Прекрасная лгунья
Шрифт:
— Пошли, — сказал Чезаре, подавляя кипевший в нем гнев, когда девушка подошла к нему.
— Подождите. — Она нагнулась и стала поправлять босоножки Джилли. Нет, так продолжаться не может. Чем дальше, тем труднее обманывать. От природы честной, Милли ненавистна была роль, которую приходилось играть, но сможет ли она выдержать взрыв негодования, который неизбежно последует, если она откроется? И все-таки лучше открыться самой. Так, по крайней мере, он не будет ее считать подлой. Хотя какое ей дело, какой он ее будет считать? — одернула
Пока что, судя по всему, он ни о чем не догадывается. Ведет себя вполне прилично, если забыть об одном: он собирается снова затащить Джилли к себе в постель, хотя о женитьбе и не помышляет. Он уверен, что Джилли в том положении, в каком находится, не посмеет ему отказать.
Играть роль и дальше тяжело и неприятно, и все же придется. Сестра всегда защищала ее, когда они жили вместе. Значит, и она должна найти способ разыскать Джилли, пока Чезаре не напал на ее след.
Широкие плечи под мягкой белой хлопчатобумажной тканью замерли, и через мгновение итальянец повернулся к Милли. От улыбки, которой он одарил ее, у нее зашлось сердце.
— Хочешь, я дам тебе туфли, которые не расползутся через несколько шагов?
— Не надо. — Все было не так просто! Если уж она решила продолжать и дальше свою игру, то следует выяснить одну вещь. Милли выпрямилась. — Я хотела бы знать, зачем вы привезли меня сюда. — Глубокий вздох. — И где вы собираетесь сегодня спать.
ГЛАВА СЕДЬМАЯ
— Ты сама знаешь, почему ты здесь, — ответил Чезаре. — Ты же слышала, что я сказал бабушке — тебе нужно оправиться после тяжелой утраты. Я ведь не такое уж чудовище.
Милые глаза наполнились болью при упоминании о смерти матери, и Чезаре мысленно обругал себя за несдержанность.
Может, она и лгунья, но чувствовать способна.
В отличие от своей сестры.
Джилли, вероятно, и всплакнула бы для вида, но Чезаре не мог себе представить, чтобы она почувствовала душевную боль на самом деле. Когда он пристал к ней с вопросами о ее родне, она со смешками пояснила, что мать у нее недалекая провинциалка, а младшая сестра скучная девица, не заслуживающая того, чтобы говорить о ней.

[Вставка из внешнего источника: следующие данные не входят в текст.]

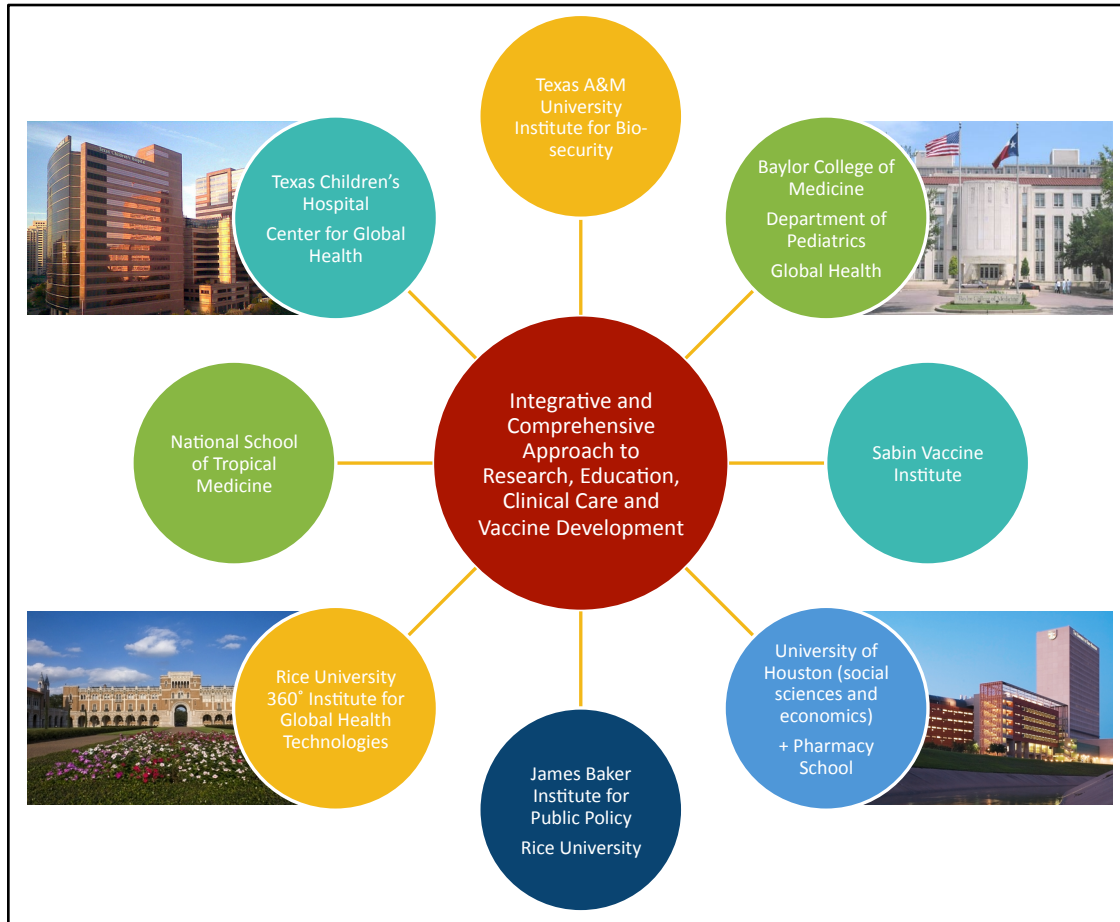
Figure 2: Institutional partnerships for advancing awareness and interventions for NTDs

These institutions form the foundation of an interdisciplinary and comprehensive national resource that aims to provide for the advancement of antipoverty interventions – within the areas of education, research, clinical care, and policy – that specifically target the poverty promoting features of NTDs and seek to prevent the socio-economic consequences of systemic pathologies. 36

Но эта… Чезаре прищурился, вглядываясь в ее выразительное лицо. Длинные ресницы затеняют потемневшие зеленые глаза, мягкие розовые губы подрагивают, пышная грудь поднимается и опускается от взволнованного дыхания. Нет, эта близняшка, несмотря ни на что, способна на настоящее чувство…
— Пошли, — сказал он мягко, приобнимая ее за плечи. — Пройдемся, успокоимся. — Его пальцы как-то сами собой погладили ее руку, прежде чем он понял, что происходит.
Чезаре быстро убрал руку, напомнив себе об ее обмане и о каре, которую он для нее готовит.
— Что же до того, кто и где будет спать, то за кухней есть вторая спальня. Хотя… — его голос почему-то прозвучал хрипло, — вполне возможно, что ты не заснешь, все будешь лежать и ждать, не одолел ли меня основной инстинкт и не решил ли я поискать удовольствия в твоей постели…
— Еще пасты? — Его голос, глубокий и низкий, почему-то заставлял вздрагивать нервы.
Милли покачала головой, пытаясь избавиться от внезапного напряжения в животе. Как будто она идет по туго натянутому канату высоко-высоко, а внизу нет страховочной сетки.
Чезаре обманывал, когда сказал, что привез ее сюда, чтобы она успокоилась. Неужели он думает, что она такая дура, чтобы поверить? Он считает, что она Джилли, его бывшая любовница, на которую он сердит. И эта поездка — наказание, и больше ничего. И она не знает, как он ее собирается наказывать, — вот что самое плохое.
Но почему ее неприязнь к нему куда-то ушла, когда он показывал ей остров, и она просто наслаждалась долгой прогулкой?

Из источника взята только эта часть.